» **Exercise brief**
Copy out exactly the lines spanning the line with "O Novell® GroupWise®, o" to the line with "- [11658500]V6 1珍品传说", inclusive, from the data underneath, with no pictures.

» **Information provided**
Segment Open

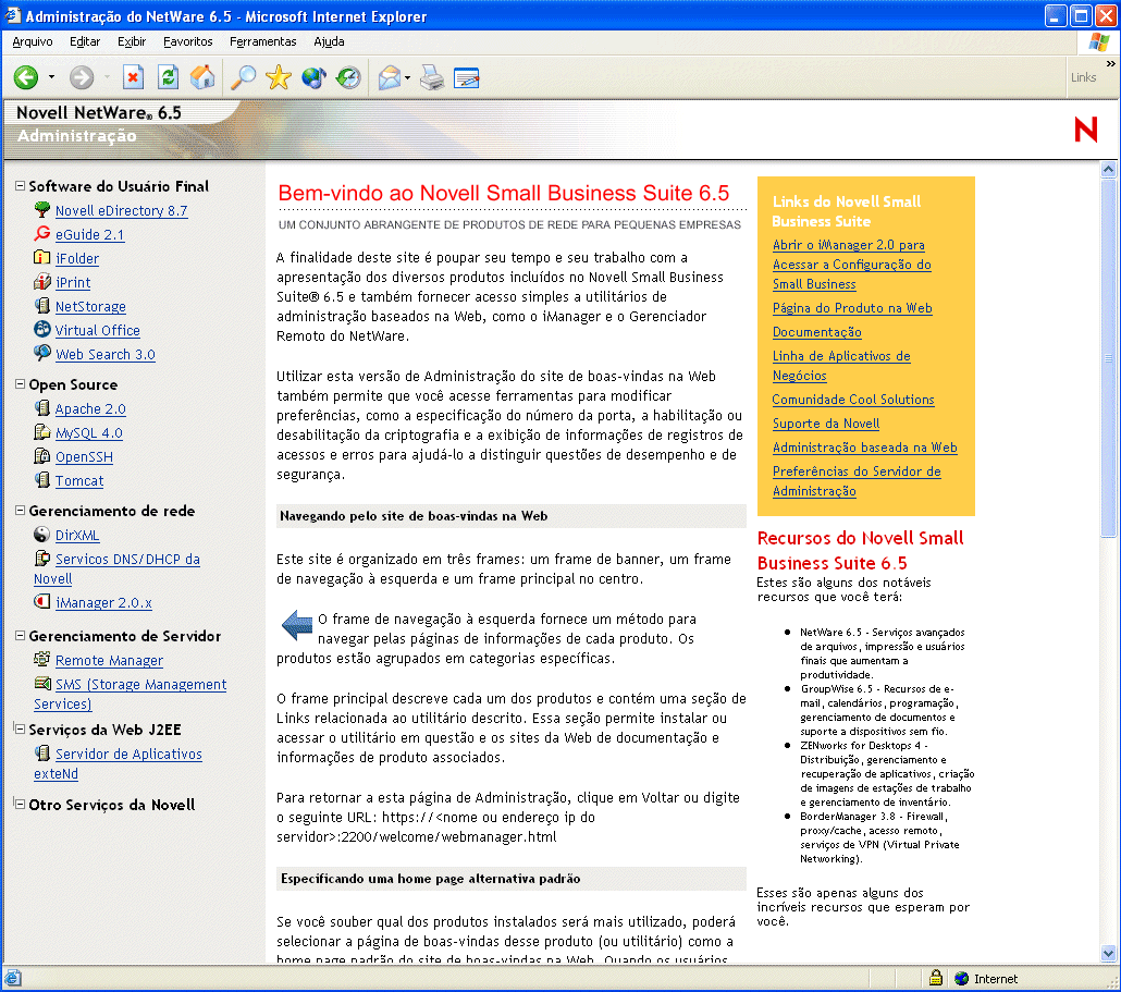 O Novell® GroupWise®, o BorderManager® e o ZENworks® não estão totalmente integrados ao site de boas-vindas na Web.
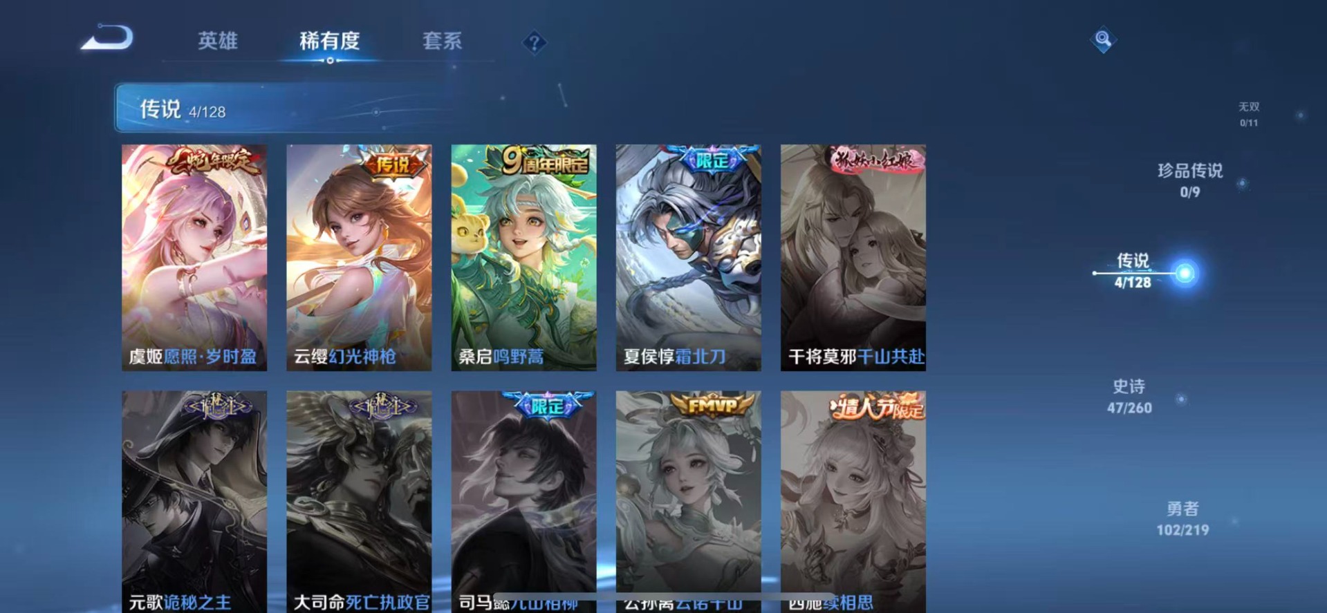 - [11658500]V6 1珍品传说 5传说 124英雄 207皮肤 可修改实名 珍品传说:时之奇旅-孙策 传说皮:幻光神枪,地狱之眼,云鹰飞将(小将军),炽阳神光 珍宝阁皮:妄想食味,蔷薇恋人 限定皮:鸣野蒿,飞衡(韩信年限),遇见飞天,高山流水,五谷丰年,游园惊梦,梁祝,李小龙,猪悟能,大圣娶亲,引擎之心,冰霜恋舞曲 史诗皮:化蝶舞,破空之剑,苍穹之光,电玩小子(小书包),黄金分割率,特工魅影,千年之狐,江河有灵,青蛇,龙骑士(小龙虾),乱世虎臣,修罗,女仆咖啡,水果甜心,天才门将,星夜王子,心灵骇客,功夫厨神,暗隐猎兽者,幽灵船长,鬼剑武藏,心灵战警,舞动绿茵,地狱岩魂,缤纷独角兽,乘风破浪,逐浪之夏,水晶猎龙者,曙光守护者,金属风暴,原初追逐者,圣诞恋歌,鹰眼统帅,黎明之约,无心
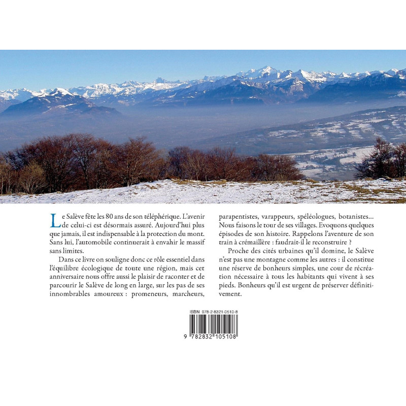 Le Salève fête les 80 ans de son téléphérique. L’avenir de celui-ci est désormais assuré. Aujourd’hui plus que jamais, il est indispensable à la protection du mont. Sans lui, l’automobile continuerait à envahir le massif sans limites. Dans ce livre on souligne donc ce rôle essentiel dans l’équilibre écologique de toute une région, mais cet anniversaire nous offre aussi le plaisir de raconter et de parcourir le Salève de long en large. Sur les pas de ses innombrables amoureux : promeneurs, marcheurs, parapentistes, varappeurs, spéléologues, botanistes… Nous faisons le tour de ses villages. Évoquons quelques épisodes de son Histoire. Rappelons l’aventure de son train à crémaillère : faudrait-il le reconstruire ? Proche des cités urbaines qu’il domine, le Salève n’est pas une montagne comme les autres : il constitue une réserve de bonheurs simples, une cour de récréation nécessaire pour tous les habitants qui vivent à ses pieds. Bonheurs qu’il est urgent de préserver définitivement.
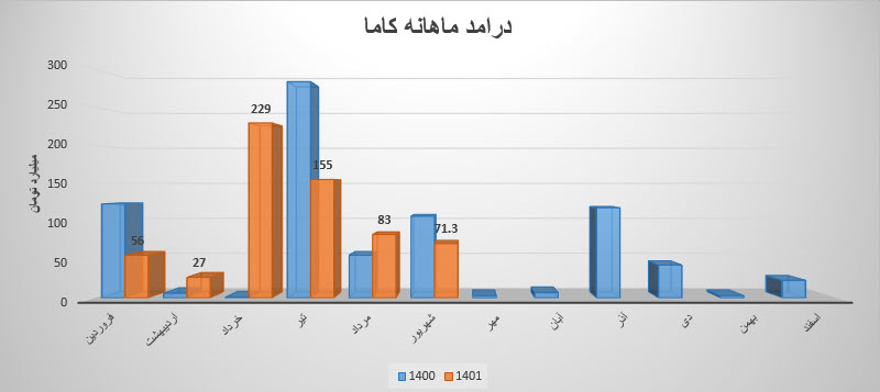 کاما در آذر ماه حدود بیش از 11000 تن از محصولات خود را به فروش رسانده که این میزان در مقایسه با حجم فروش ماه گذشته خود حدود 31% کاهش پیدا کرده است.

Segment Closed
Segment Open

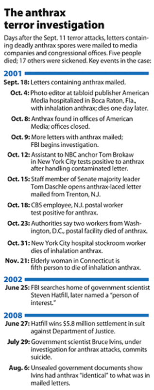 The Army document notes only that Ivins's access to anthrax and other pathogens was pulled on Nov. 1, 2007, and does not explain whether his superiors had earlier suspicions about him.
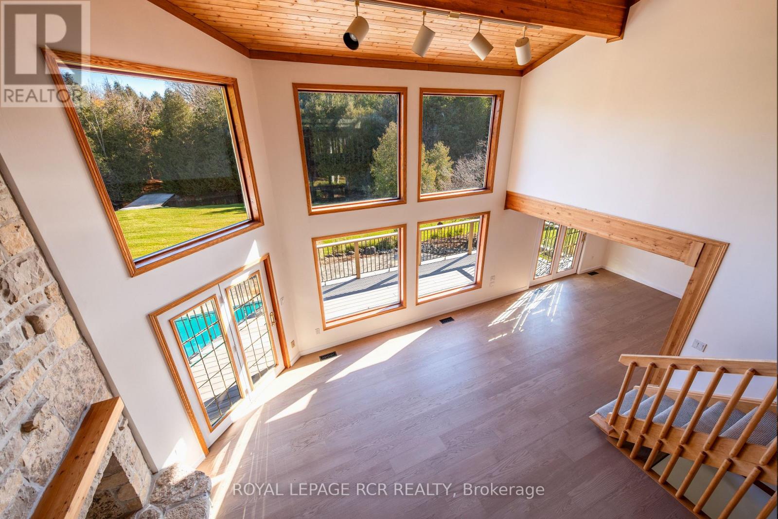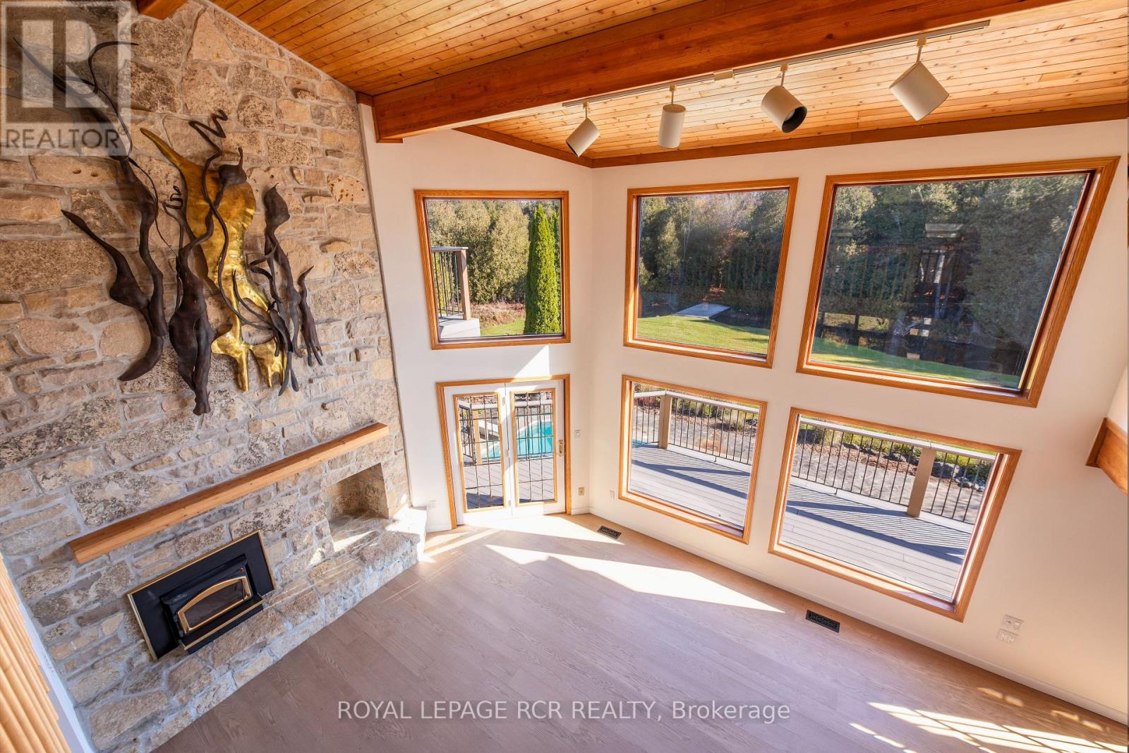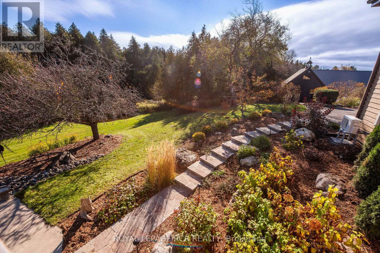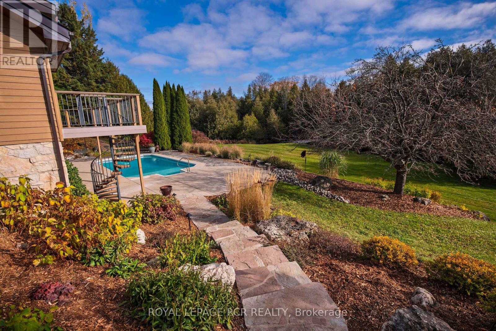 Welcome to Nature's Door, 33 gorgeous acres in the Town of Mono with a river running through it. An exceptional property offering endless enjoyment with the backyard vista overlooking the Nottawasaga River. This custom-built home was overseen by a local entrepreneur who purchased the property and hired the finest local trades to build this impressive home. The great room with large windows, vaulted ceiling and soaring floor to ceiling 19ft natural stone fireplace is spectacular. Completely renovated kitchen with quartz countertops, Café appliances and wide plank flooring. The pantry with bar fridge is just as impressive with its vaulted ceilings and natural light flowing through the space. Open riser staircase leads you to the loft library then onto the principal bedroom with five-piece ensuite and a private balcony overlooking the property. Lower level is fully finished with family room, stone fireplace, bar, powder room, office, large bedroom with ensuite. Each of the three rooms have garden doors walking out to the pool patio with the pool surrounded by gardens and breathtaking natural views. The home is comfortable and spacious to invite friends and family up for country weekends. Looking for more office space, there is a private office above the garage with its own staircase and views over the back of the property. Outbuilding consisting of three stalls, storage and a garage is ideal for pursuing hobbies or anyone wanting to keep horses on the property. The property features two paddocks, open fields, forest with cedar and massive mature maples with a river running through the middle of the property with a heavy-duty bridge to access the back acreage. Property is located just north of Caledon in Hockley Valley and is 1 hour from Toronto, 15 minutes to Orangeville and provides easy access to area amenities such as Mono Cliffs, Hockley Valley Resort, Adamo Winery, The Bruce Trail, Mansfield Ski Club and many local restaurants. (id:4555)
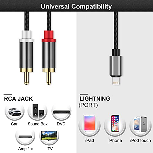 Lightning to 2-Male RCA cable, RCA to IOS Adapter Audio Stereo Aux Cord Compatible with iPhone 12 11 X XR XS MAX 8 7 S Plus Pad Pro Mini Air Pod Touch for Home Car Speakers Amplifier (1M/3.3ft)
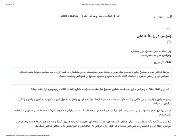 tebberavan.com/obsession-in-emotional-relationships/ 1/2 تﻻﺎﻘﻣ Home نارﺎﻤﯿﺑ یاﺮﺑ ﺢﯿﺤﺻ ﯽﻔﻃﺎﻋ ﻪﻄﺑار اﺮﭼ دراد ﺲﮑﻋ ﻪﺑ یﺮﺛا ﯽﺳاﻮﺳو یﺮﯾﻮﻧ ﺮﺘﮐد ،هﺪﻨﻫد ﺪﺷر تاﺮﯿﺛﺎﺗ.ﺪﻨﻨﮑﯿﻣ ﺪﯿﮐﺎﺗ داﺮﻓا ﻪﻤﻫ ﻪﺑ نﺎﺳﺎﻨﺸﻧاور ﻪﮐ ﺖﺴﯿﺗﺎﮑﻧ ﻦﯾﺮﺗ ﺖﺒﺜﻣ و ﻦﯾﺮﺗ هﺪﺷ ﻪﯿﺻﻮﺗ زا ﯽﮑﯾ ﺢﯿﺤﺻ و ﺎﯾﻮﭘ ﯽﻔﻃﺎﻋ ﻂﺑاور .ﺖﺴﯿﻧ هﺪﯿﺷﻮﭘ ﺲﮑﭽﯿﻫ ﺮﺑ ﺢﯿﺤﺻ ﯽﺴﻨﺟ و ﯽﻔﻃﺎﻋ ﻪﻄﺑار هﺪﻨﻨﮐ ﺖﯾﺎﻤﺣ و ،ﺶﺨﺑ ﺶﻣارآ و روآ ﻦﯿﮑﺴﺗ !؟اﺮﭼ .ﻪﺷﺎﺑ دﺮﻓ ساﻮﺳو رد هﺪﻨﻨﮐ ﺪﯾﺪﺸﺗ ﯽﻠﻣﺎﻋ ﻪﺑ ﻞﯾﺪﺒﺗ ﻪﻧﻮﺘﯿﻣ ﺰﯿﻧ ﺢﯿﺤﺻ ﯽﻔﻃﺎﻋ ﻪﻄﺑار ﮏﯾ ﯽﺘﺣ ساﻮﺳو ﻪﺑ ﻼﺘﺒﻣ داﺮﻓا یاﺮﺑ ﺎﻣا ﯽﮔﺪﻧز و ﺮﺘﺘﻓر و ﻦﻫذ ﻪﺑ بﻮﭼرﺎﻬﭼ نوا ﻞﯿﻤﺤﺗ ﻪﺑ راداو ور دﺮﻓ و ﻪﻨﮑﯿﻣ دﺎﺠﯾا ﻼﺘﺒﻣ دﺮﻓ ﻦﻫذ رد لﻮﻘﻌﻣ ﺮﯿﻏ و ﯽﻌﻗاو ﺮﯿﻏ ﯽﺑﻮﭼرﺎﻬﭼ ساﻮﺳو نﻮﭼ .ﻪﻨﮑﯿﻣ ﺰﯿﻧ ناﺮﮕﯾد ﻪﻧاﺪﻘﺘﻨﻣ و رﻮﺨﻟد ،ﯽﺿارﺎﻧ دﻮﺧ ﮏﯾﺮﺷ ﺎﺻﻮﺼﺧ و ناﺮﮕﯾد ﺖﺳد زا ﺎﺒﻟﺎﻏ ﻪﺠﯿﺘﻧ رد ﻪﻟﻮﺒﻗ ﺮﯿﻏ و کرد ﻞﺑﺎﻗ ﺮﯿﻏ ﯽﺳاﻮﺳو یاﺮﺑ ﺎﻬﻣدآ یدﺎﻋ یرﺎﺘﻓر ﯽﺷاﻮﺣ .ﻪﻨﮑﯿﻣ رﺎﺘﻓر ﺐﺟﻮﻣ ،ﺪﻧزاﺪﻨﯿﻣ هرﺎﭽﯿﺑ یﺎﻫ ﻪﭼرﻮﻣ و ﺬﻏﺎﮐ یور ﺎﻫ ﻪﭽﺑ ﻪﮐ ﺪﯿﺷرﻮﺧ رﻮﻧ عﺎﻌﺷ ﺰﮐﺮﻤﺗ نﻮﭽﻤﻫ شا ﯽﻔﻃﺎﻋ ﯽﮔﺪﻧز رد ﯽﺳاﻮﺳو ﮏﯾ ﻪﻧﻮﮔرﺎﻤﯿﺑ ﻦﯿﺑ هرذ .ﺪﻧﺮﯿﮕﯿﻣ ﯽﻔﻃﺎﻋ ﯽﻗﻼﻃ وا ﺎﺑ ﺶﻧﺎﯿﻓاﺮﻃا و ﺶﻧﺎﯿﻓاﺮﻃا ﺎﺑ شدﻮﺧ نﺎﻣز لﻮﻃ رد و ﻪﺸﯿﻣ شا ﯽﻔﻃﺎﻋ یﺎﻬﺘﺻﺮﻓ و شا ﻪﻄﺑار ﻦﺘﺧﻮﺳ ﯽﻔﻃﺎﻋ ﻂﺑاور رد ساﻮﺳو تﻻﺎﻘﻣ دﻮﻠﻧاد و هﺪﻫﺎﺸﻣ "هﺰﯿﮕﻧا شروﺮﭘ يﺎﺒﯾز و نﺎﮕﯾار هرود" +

Segment Closed

» **Exercise response**
 O Novell® GroupWise®, o BorderManager® e o ZENworks® não estão totalmente integrados ao site de boas-vindas na Web.
 - [11658500]V6 1珍品传说 5传说 124英雄 207皮肤 可修改实名 珍品传说:时之奇旅-孙策 传说皮:幻光神枪,地狱之眼,云鹰飞将(小将军),炽阳神光 珍宝阁皮:妄想食味,蔷薇恋人 限定皮:鸣野蒿,飞衡(韩信年限),遇见飞天,高山流水,五谷丰年,游园惊梦,梁祝,李小龙,猪悟能,大圣娶亲,引擎之心,冰霜恋舞曲 史诗皮:化蝶舞,破空之剑,苍穹之光,电玩小子(小书包),黄金分割率,特工魅影,千年之狐,江河有灵,青蛇,龙骑士(小龙虾),乱世虎臣,修罗,女仆咖啡,水果甜心,天才门将,星夜王子,心灵骇客,功夫厨神,暗隐猎兽者,幽灵船长,鬼剑武藏,心灵战警,舞动绿茵,地狱岩魂,缤纷独角兽,乘风破浪,逐浪之夏,水晶猎龙者,曙光守护者,金属风暴,原初追逐者,圣诞恋歌,鹰眼统帅,黎明之约,无心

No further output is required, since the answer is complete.